Polri dan Interpol menangkap tiga orang yang diduga menjadi bagian dari geng penjahat cyber yang terbilang dalam serangan yang sering disebut sebagai Magecart.
Penangkapannya dilakukan pada 20 Desember 2019 lalu, namun baru dipublikasikan pada minggu lalu dalam sebuah konferensi pers. Dan ini adalah pertama kalinya anggota geng Magecart tersebut ditangkap oleh pihak berwajib.
Ada tiga orang yang ditangkap, yaitu ANF (27 tahun), K (35 tahun), dan N (23 tahun), yang berasal dari Jakarta dan Yogyakarta dan diancam hukuman maksimal 10 tahun, demikian dikutip detikINET dari Zdnet, Senin (27/1/2020).
SCROLL TO CONTINUE WITH CONTENT
Magecart juga dikenal dengan nama web skimming atau e-skimming, adalah sebuah kejahatan cyber di mana pelakunya menyusupkan malware JavaScript ke dalam toko online. Malware tersebut bertugas untuk mencuri data pembayaran, tepatnya kartu debit atau kredit, yang dipakai di transaksi di toko online tersebut.
Meski sudah ada yang ditangkap, menurut Sanguine Security -- perusahaan keamanan cyber --, setidaknya masih ada satu orang dari kelompok ini yang belum ditangkap. Mereka juga membeberkan sepak terjang grup ini di dunia maya.
Magecart ini aktif sejak 2017, dan malware mereka ditemukan di 571 situs, di mana 17 di antaranya masih terinfeksi sampai saat ini karena pemilik tokonya gagal membersihkan malware ini dari sistem mereka.
Lalu menurut Group-IB, perusahaan keamanan cyber lain, mereka pun memantau pergerakan grup ini.
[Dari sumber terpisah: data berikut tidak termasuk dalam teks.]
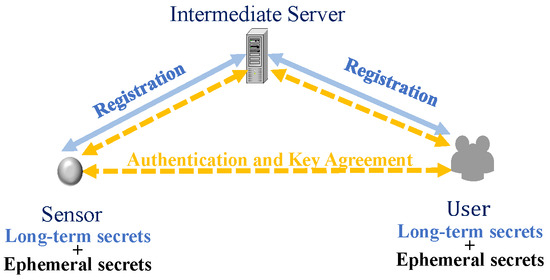 26], leaving these schemes vulnerable to ephemeral secret leakage (ESL) attacks. Furthermore, many protocols lack essential features, such as perfect forward security (PFS) and anonymity. They are also prone to offline password guessing attacks and are inefficient for resource-constrained IoT devices. More importantly, with the rapid growth regarding IoT devices, intermediate servers must manage a large number of users and device connections, which makes the performance of authentication schemes highly dependent on the server’s computational and processing capabilities [

Dan mereka menyebut grup ini dikenal dengan nama GetBilling, salah satu kode JavaScript yang ditemukan dalam kode malwarenya.
Jejak digital grup ini menurut Sanguine Security mudah diendus, karena mereka menyisipkan pesan berbunyi 'Success gan' dalam setiap kode malwarenya. Mereka pun menyebut hasil pencurian data pembayaran itu dipakai untuk membeli barang-barang elektronik dan mewah secara online, yang kemudian dijual lagi dengan harga di bawah pasaran.
Untuk menyamarkan lokasi dan identitas aslinya, grup ini menggunakan layanan virtual private network (VPN) saat mengakses server pengontrol malwarenya untuk 'memanen' hasil aksinya tersebut. Layanan VPN dan hosting ini pun dibayar menggunakan kartu kredit curian, yang tujuannya tentu untuk menyamarkan identitas aslinya.
"Tim Group-IB Cyber Investigation menemukan kalau infrastruktur yang dipakai GetBilling berlokasi di Indonesia. Atas temuan ini, Interpol ASEAN Desk pun memberitahukannya ke Kepolisian Indonesia," tulis Group-IB dalam keterangannya.